1- ifconfig after booting up when pf isnt working

ifconfig

lagg0: flags=1008843<UP,BROADCAST,RUNNING,SIMPLEX,MULTICAST,LOWER_UP> metric 0 mtu 1500
        options=0
        ether 78:2b:46:ee:27:a3
        hwaddr 00:00:00:00:00:00
        inet 192.168.1.131 netmask 0xffffff00 broadcast 192.168.1.255
        laggproto failover lagghash l2,l3,l4
        laggport: wlan0 flags=0<>
        groups: lagg
        media: Ethernet autoselect
        status: active
        nd6 options=29<PERFORMNUD,IFDISABLED,AUTO_LINKLOCAL>

2- ifconfig with pf working

can you spot the difference

lagg0: flags=1008843<UP,BROADCAST,RUNNING,SIMPLEX,MULTICAST,LOWER_UP> metric 0 mtu 1500
        options=0
        ether 78:2b:46:ee:27:a3
        hwaddr 00:00:00:00:00:00
        inet 192.168.1.131 netmask 0xffffff00 broadcast 192.168.1.255
        laggproto failover lagghash l2,l3,l4
        laggport: wlan0 flags=0<>
        laggport: ue0 flags=5<MASTER,ACTIVE>
        groups: lagg
        media: Ethernet autoselect
        status: active
        nd6 options=29<PERFORMNUD,IFDISABLED,AUTO_LINKLOCAL>

the difference is this line in the second example

laggport: ue0 flags=5<MASTER,ACTIVE>

heres the fix

restart the lagg0 interface

doas service netif restart lagg0

then restart pf

doas service pf restart

after that both ping and netcat work

took a lot of detective work to figure out what the issue was and the fix

next step is to run the commands automatically rather than manually

have to look at SirDice's example
and do some reading up

Post in thread 'When is rc.local run?'

Apr 17, 2019

Your solution is going to be removed next time you run an update.

It's actually quite simple.
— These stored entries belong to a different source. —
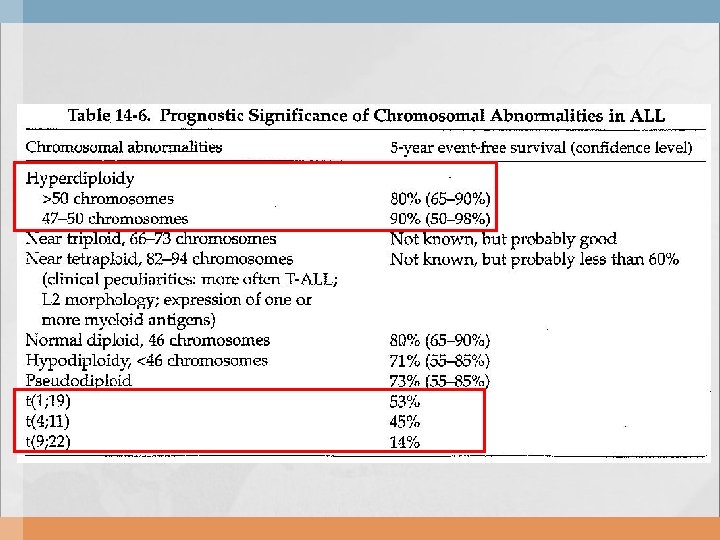 ALL Prognosis long-term survival, with the rate greater than 80% after 5 yr most important prognostic factor is the choice of appropriate risk-directed therapy • the type of ALL • the stage of disease • the age of the patient • the rate of response to initial therapy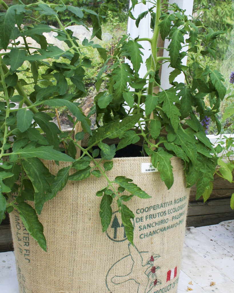 Istutusastian voi kätkeä hauskan kangassäkin suojaan.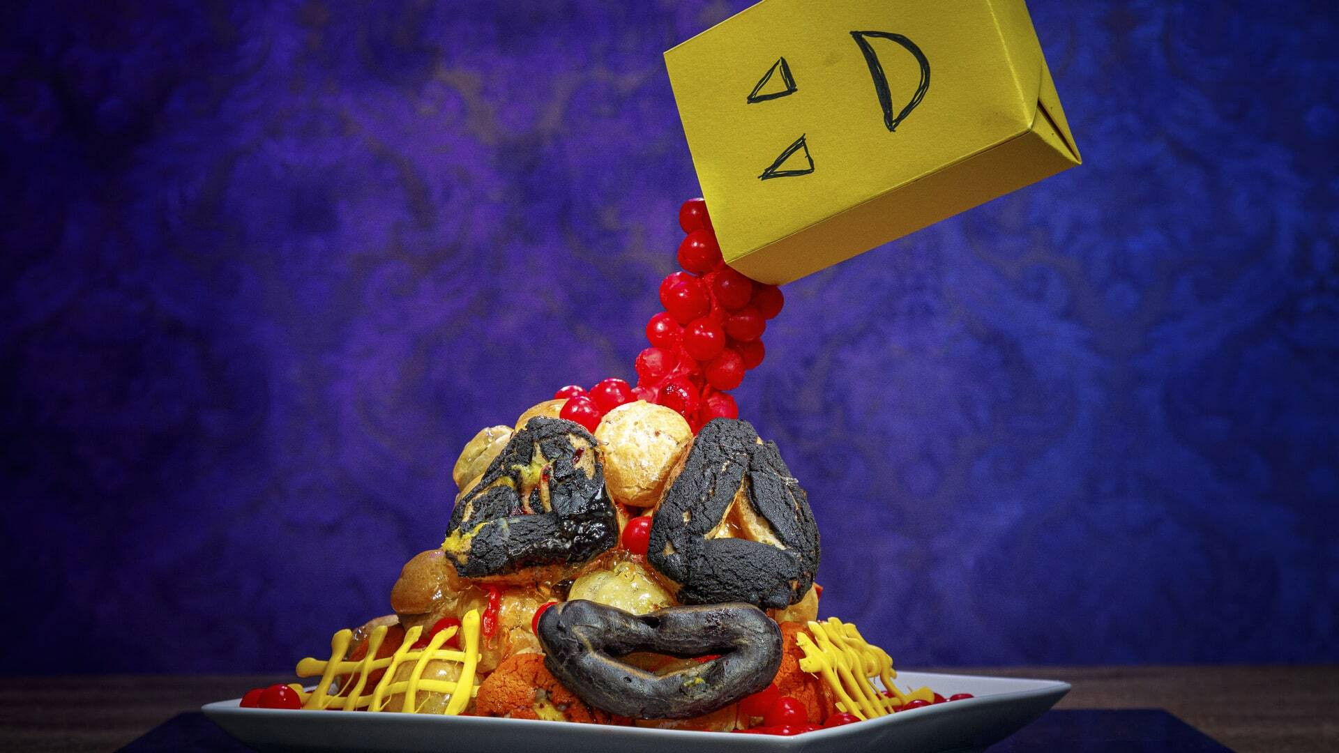 Host Carla Hall meets the nine remaining competitors on the frightening front porch, haunted by eternally disappointed trick or treaters. The bakers are challenged to create Halloween candy croquembouche with a stunningly sweet illusion to impress Carla and the other judges, Stephanie Boswell and Zac Young.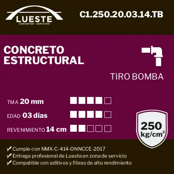 Concreto Estructural Clase 1, FC = 250, TMA = 20, Edad = 28, Rev = 14, Tiro = Bombeo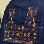 D Tussar Silk Kantha Stole – Off-White with Blue Floral Vines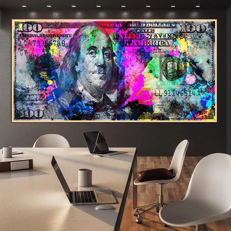 Вдохновляющие красочные 100 долларов плакат с принтом граффити наличные деньги холст картины спальня офис декор настенная картина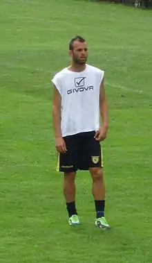 On 4 July 2014, he signed a two-year contract, with an option for a third, with Chievo.[20] He scored his first goal for Chievo at home against Empoli, in the match in which he debuted with Chievo. On 8 December, he scored with a fantastic bicycle kick against Cagliari, then was decisive in a 2–1 encounter won against Sampdoria, scoring his club's second goal after a 50-metre dribbling run.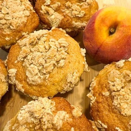 Peach puree mixed into vanilla muffins with a cinnamon oat crumble topping.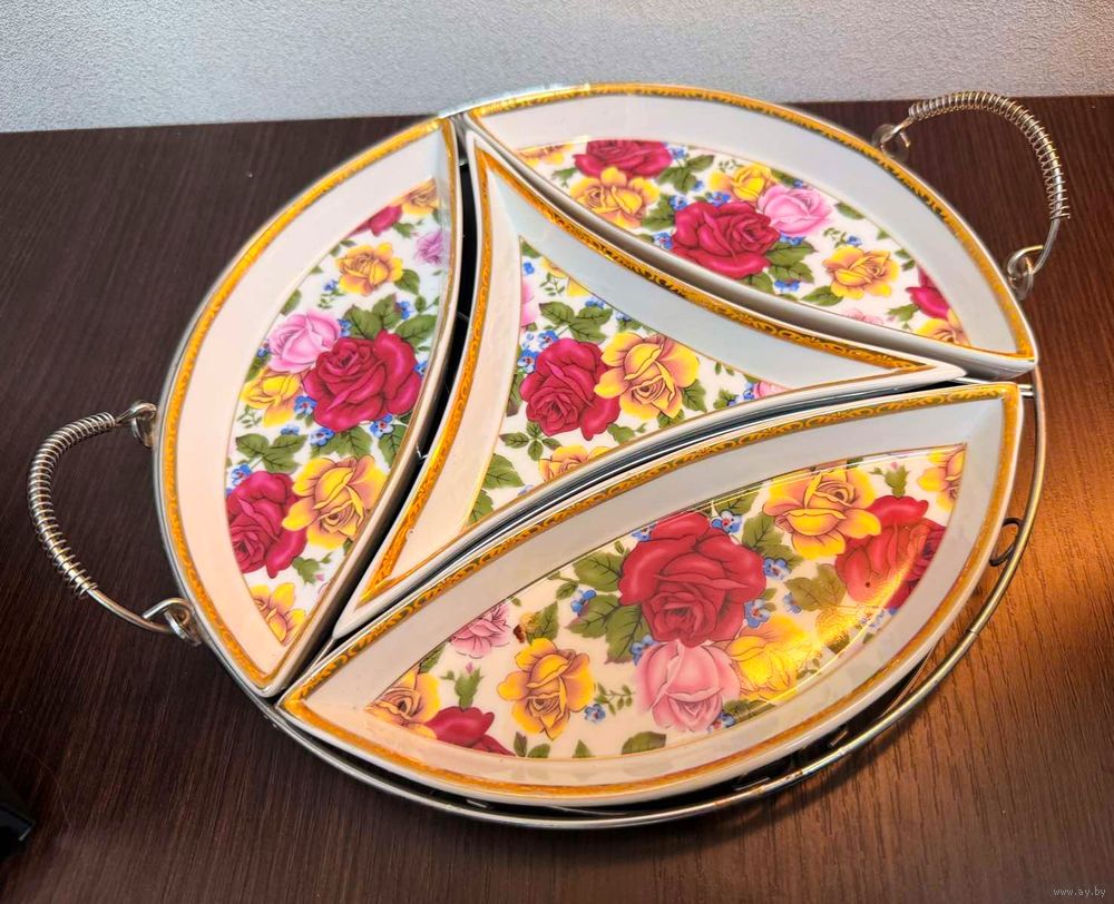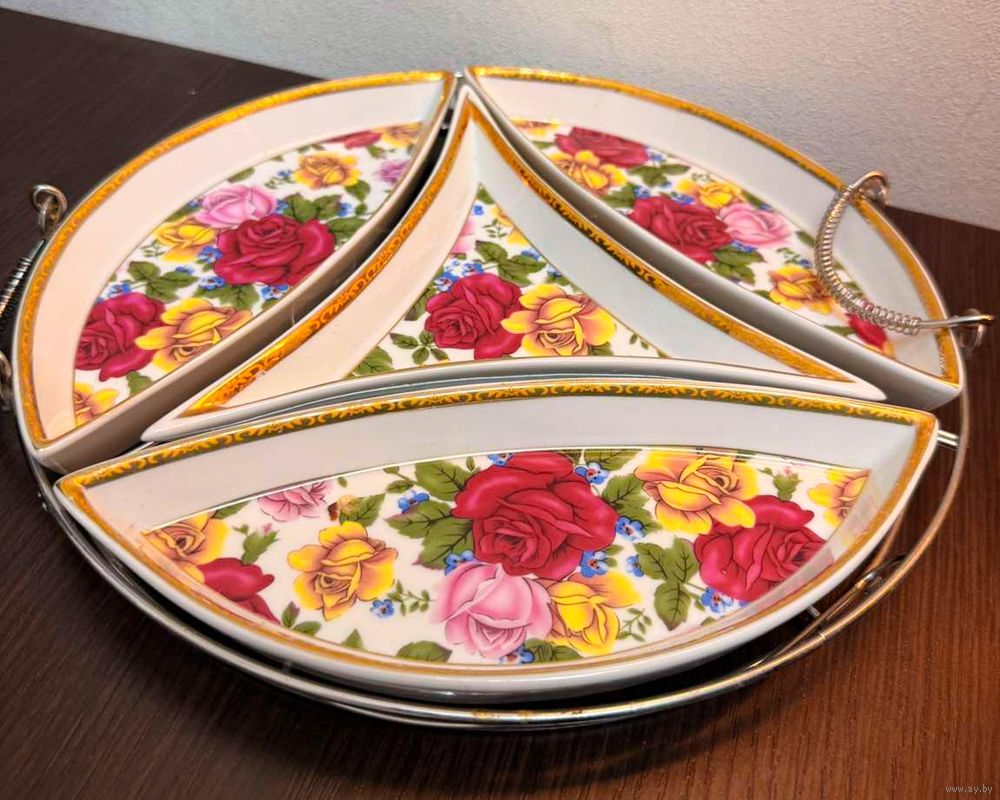 Менажница керамическая 4 отдельных друг от друга предмета в металлическом подносе . состояние идеальное

And easier to maintain, just create a /usr/local/etc/rc.d/beep:

#!/bin/sh

# REQUIRE: NETWORKING sshd
# PROVIDE: beep

. /etc/rc.subr

name="beep"
rcvar="${name}_enable"
start_cmd="beep_start"

: ${beep_enable:="NO"}

load_rc_config $name

beep_start () {
        echo -e "\a"
}

run_rc_command "$1"

Make sure it's executable: chmod +x /usr/local/etc/rc.d/beep.

This will run when NETWORKING and sshd are done, you should have network access by that time. Enable it...

• SirDice

• 

 

[sko]

I suspect that usb-interface isn't ready when rc sets up the interfaces from rc.conf. TBH I wouldn't use anything USB-connected if it is critical for a system - USB is just way too unreliable and unpredictable.

That being said, for bridge interfaces there is the autobridge_interfaces option that will attach newly created interfaces to a bridge. I wonder if this could also be implemented for lagg interfaces...

 

[NapoleonWils0n]

none of my laptops have an ethernet port

so i have to use a usb ethernet adaptor

rc.d netif restart lagg0 and pf

Solved Thread 'rc.d netif restart lagg0 and pf'

Nov 27, 2024

im using a lagg failover device
with a usb ethernet adaptor

the issue is the lagg0 device doesnt pick up the ethernet device in ifconfig
( post at the bottom explains the problem in detail )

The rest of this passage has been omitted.